Piccola, minuta, capelli neri come la pece ed uno sguardo affilato come la lama di un coltello.
Era il terrore dei figli e dei nipoti.
Quando andavamo a trascorrere le estati al lago di Garda, dove viveva, sapevamo benissimo che più lontano le saremmo stati e meno avremmo attirato le sue furie.
Si, perché la Gina non era la classica nonna tutta coccole e regalini, quella che si ferma a giocare con te ed a raccontarti le storie.
Quello piuttosto era mio nonno Donato, suo marito, di cui ho già raccontato ampiamente in passato
Lei era un carabiniere a cui non sfuggiva nulla, una furia della natura che avrò visto ridere di gusto solo una decina di volte nella mia vita.  Di pochissime parole, ma giuste per farsi capire e farti rigare dritto in un attimo.
Aveva un radar per le bugie e le malefatte: le bastava cambiare il tono della sua voce baritonale per far scendere il gelo intorno alla tavola.
In compenso era instancabile, non aveva paura di niente, era in grado di fare lavori maschili pesantissimi, si sciroppava 4 + 4 km a piedi lungo mulattiere impossibili che da casa la portavano al paese, giù al lago, con maggiore agilità di noi ragazzini. Al ritorno, tutto in salita, ci umiliava definitivamente arrivando a casa molto prima di noi.
Non era una cuoca sopraffina ma era una che sapeva far rinascere il nulla. Come tutte le donne figlie della guerra, non sprecava la minima briciola e le mie colazioni più belle sono state a casa sua, con i panini raffermi inzuppati in tazzoni di latte caldo.
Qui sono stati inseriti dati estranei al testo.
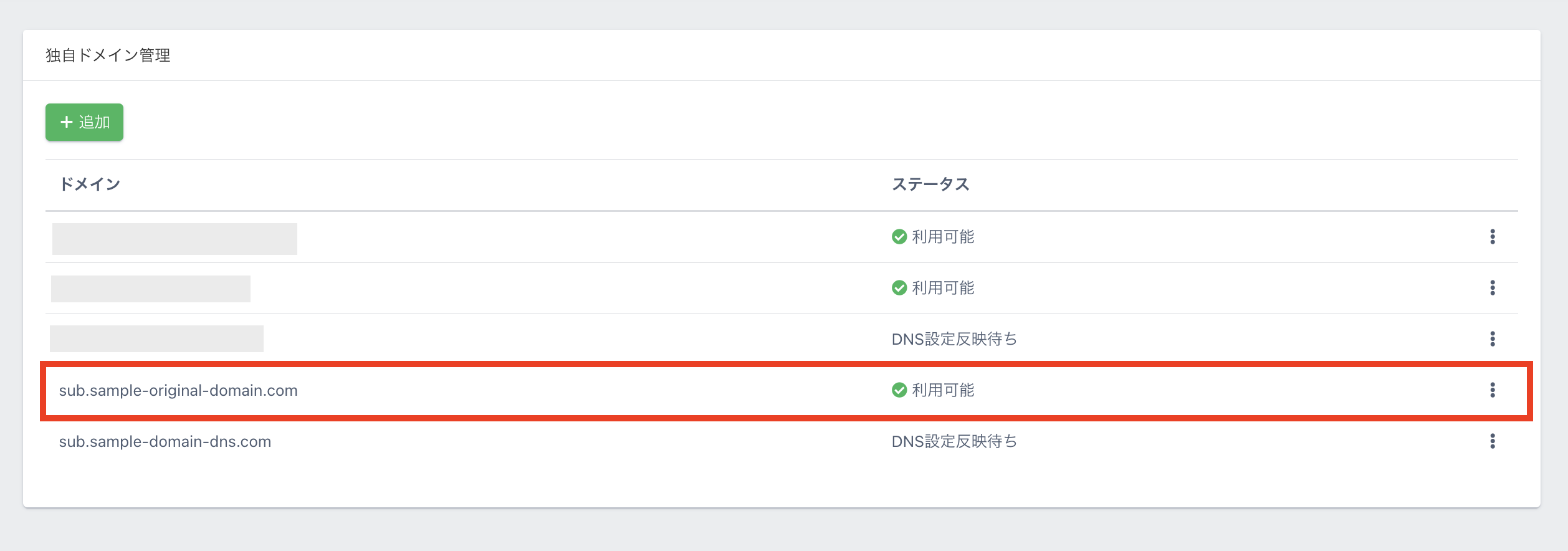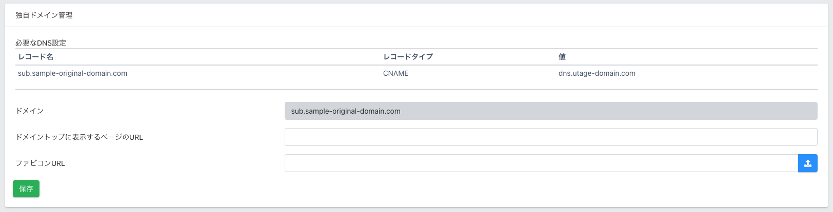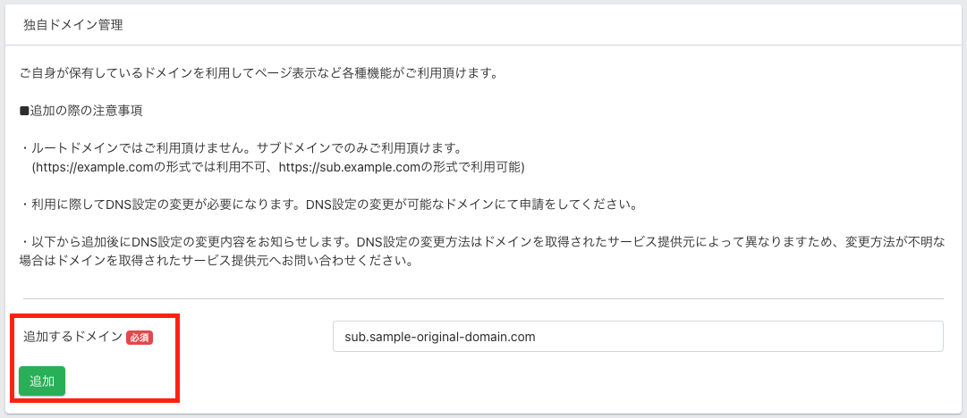 ※独自ドメイン部分「sample-original-domain.com」は入力する必要はございません。

Il suo budino al cioccolato era un modo non parlato per farsi voler bene ed i suoi formidabili cavalli di battaglia erano lo spiedo e gli involtini di verza.
Con lo spiedo, era lei che gestiva il fuoco e controllava la lenta cottura della carne, irrorando di burro raccolto via via dalla leccarda, i lunghi spiedi da cui sfrigolavano pezzi lucidi di carne e patate.
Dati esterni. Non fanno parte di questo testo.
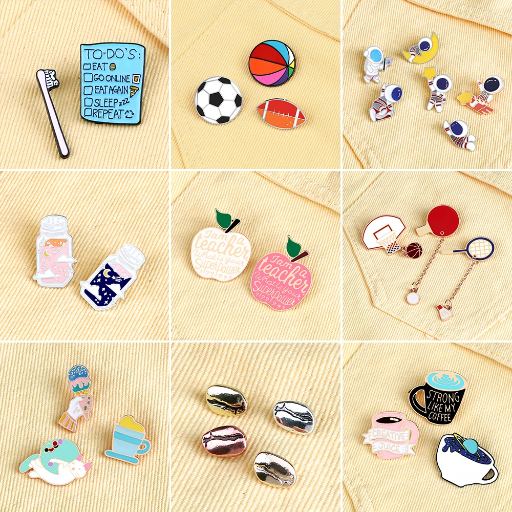 2-6 шт.лот, эмалированные булавки с героями мультфильмов, милый астронавт, Волшебная бутылка, кофейные броши, детские спортивные нагрудные значки, ювелирное изделие, подарок, новинка

Mentre scrivo, posso sentirne il profumo ed il sapore pieno e sapido in bocca e quando nella vita si assaggiano cose di tale bontà, si finisce col cercare per sempre quello stesso irripetibile gusto.
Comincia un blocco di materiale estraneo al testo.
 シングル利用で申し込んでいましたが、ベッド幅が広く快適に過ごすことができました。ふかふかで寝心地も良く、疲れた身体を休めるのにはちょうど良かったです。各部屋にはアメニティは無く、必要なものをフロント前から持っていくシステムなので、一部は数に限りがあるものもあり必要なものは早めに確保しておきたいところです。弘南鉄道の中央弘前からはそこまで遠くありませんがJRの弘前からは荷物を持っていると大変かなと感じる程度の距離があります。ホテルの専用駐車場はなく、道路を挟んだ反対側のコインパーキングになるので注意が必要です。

Gli involtini invece, sono un piatto che mi parla di lei attraverso le parole di mia madre, perché la verità è che non l'ho mai vista prepararli.
Mia madre sa quanto questa ricetta mi faccia pensare a nonna Gina e me li prepara spesso, sapendo che così sazia più un bisogno del mio cuore che del mio stomaco.
Ho capito ed imparato ad amare profondamente mia nonna solo da adulta, quando era più facile sedersi accanto a lei, ormai fragile ma sempre lucidissima, per farsi raccontare le sue storie.
Dai vent'anni fino al giorno in cui si è spenta, non perdevo occasione per stringerla (mi sembrava così piccola fra le mie braccia) e lei trovava comunque il modo per borbottare bonariamente che la stritolavo.
Che mi manchi moltissimo non descrive il vuoto che ha lasciato.
La mia nonna Gina e mia madre 
In tempo di Guerra la carne non era disponibile quindi questi involtini erano fatti primariamente con pane, aglio e prezzemolo. Successivamente, con il benessere, anche nonna arricchì il ripieno alla sua maniera, utilizzando comunque avanzi e recuperando pane raffermo e quello che trovava in frigorifero.

Gli involtini di verza di nonna Gina
Ingredienti
Involtini di verza di Nonna Gina.
-         400 gr di carne arrosto avanzata
-         80 gr di salame crudo, o salsiccia o mortadella a vs. piacere.
-         30 g di pane raffermo ammollato in acqua e ben strizzato 
-         3 cucchiai di parmigiano
-         3 cucchiai di pan grattato ( a vs. piacere)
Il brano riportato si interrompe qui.